First, we find that Zedekiah the king-the very person who gave him up to death-had at different times many relentings of heart. He ordered that the prophet should be supplied with bread daily, until all the bread in the city was spent. He also sent for him secretly, more than once, to inquire, "Is there any word from the Lord ?" Thus he showed that even wicked men have conscience enough to trouble them; while God often works by means of their fears, their scruples and their natural feelings of humanity, to protect his faithful servants.

But the chief friend of Jeremiah, in the crisis of his peril, was Ebed-melech, an attendant on the king's household-an Ethiopian, not a Jew-who most unexpectedly interested himself to save the life of the prophet.
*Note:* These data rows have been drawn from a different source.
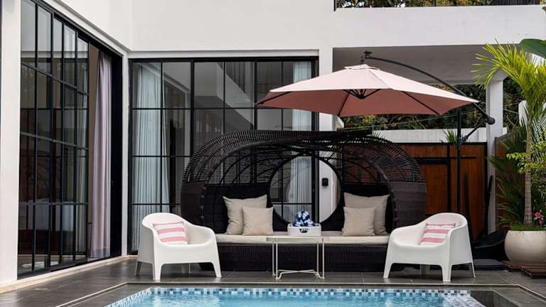 Die Villa besteht aus 4 separaten Schlafzimmern, einem Wohnzimmer sowie einer voll ausgestatteten Küche, die mit einem Kühlschrank und einer Mikrowelle ausgestattet ist. Es stehen 4 Badezimmer zur Verfügung, und Handtücher sowie Bettwäsche werden bereitgestellt.
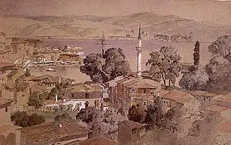 It was noted as a Greek village in the 17th century, but around a hundred years a few Armenians and Muslims also lived there. Over time, it became a tiny fishing village inhabited almost completely by Orthodox Christians. The village became the centre of the Terkos Metropolis in 1655,which transformed the village. Thanks to its new religious position and relative proximity to Constantinople, it became one of the most important settlements on the European side of the Bosphorus. Due to its great climate and safety from diseases such as Cholera, many members of the Greek aristocracy moved their place of residence here. Many foreign embassies and merchants also started to move here, and became the favourite place of the ruling Greek elite. Some Greek families kept their property here until the Greek war of Independence in 1821, after which they were confiscated. The town remained mostly Greek until around the middle of the 20th century. During the Istanbul pogrom, a church built in 1796 and the metropolitan residence was put to fire. During the following years, due to the worsening Turkish-Greek relations and the invasion of Cyprus, most Greeks were forced to move out.[5] The Greek school was closed down in 1985. Around this time, around 50 Greeks -mostly elderly- lived in Tarabya.[6]
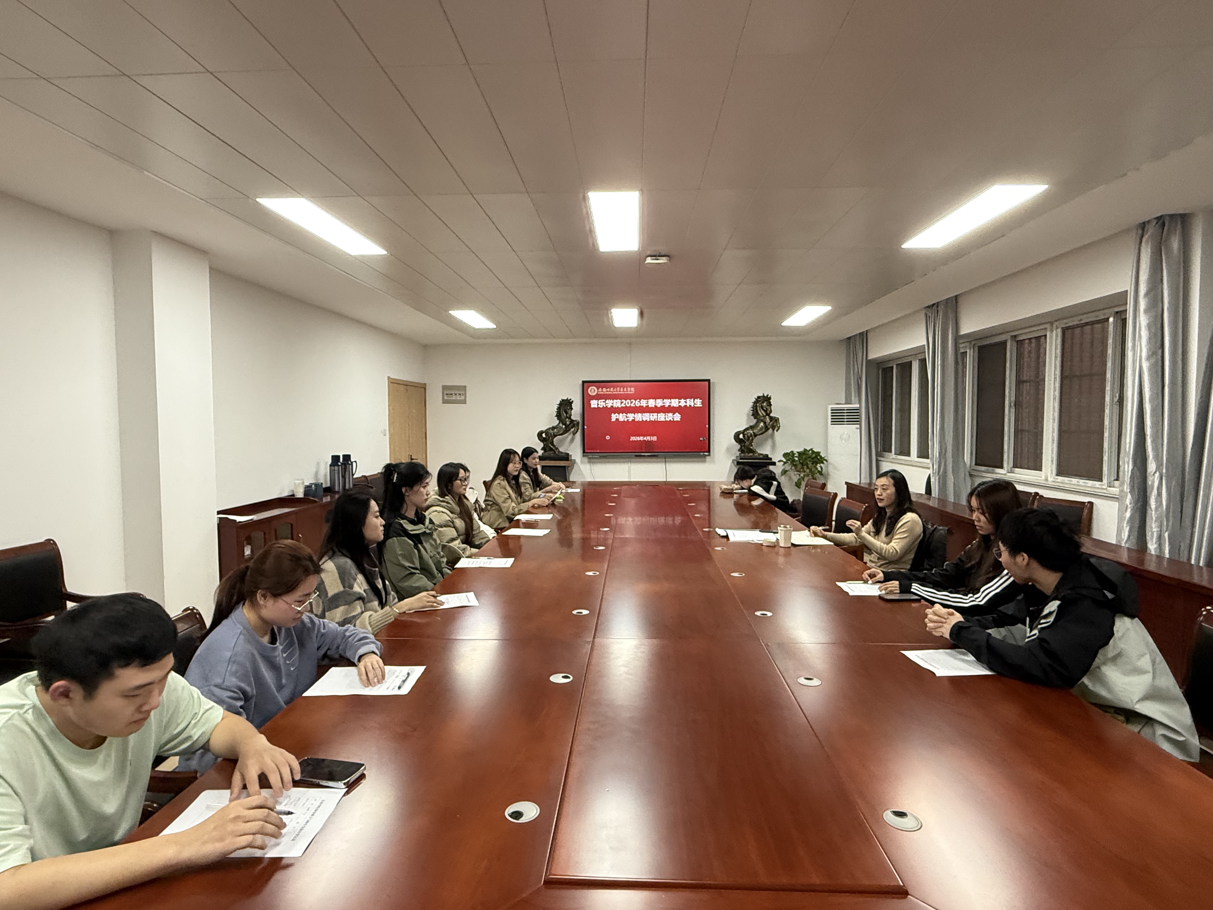 4月3日下午,音乐学院召开2026年春季学期本科生护航学情调研座谈会,学院党委副书记、纪委书记王俊荣和本科各年级、专业学生代表参加会议。
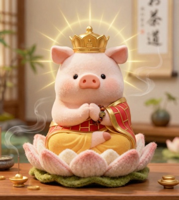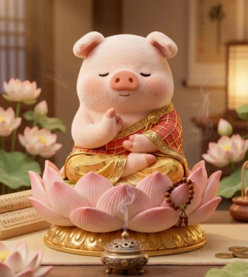 软3D风格的拟人小猪,毛发生长质感细腻,手持购物袋与卡片,置身粉色梦幻场景,充满甜美与可爱感,节日氛围浓厚。

He went in boldly to Zedekiah, and said, "My lord the king, these men have done evil in all that they have done to Jeremiah the prophet, whom they have cast into the dungeon; and he is like to die for hunger in the place where he is: for there is no more bread in the city." Such interference, and from such a man, might have given mortal offence; but God overruled it for good, and the pious humanity of this stranger was afterward well recompensed. The king, who seems to have been an irresolute man, and easily led right or wrong, immediately yielded to this request, which had both justice and mercy to recommend it: "Then the king commanded Ebed-melech the Ethiopian, saying, Take from hence thirty men with thee, and take up Jeremiah the prophet out of the dungeon, before he die. So Ebed-melech took the men with him, and went into the house of the king under the treasury, and took thence the old cast clouts and old rotten rags, and let them down by cords into the dungeon to Jeremiah. And Ebed-melech the

« ÎnapoiContinuă »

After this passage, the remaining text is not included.